We have to use /23 since it allow 512 address.

The rest is either a lot more wasted or less to fit 452. Correct me if I am wrong

ismat

ismat

Dear tienvu,
first you look to /23 bit we have 2 network one 10.10.0.0/30 and second is 10.10.1.0/30 on every network we have 64 subnets.

dhina

dhina

please explain how is possible! i’m not understand..?

Daniel

Daniel

@dhina:

If you need to have 113 networks you must borough 7 bits in order to fit the request (128). Now you’ll have 128 networks with /30 (255.255.255.252 – 4 addresses, 2 for host)

iCalvyn.com

iCalvyn.com

We need 113 point-to-point links which equal to 113 sub-networks < 128 so we need to borrow 7 bits (because 2^7 = 128).

The network used for point-to-point connection should be /30.
So our initial network should be 30 – 7 = 23.

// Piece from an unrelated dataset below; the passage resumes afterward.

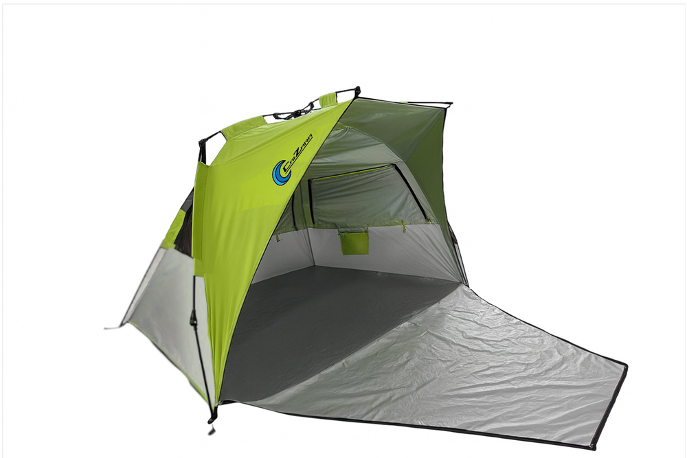 Tamaño: 240 cm x 130 cm x 135 cm Tela: Poliéster 190T con revestimiento de aluminio Material del suelo: Poliéster 190T Grosor de las varillas: Ø 8.5 / 9.5 mm Peso: 2.70 kg Resistencia al agua: PU 400 mm Protección UV: UV50+ Embalaje: Bolsa con cremallera y asa ajustable

So 10.10.0.0/23 is the correct answer.

You can understand it more clearly when writing it in binary form:

/23 = 1111 1111.1111 1110.0000 0000
/30 = 1111 1111.1111 1111.1111 1100 (borrow 7 bits)

DC

DC

113 poin-to-point = 113 X 4 <- (network address 2 free address and broadcast)
then I need 452 address. I have to use 512. and the network 10.10.0.0 /23 is a 512 network.

I will use before a mask 255.255.255.252 to generate networks whit 2 free address.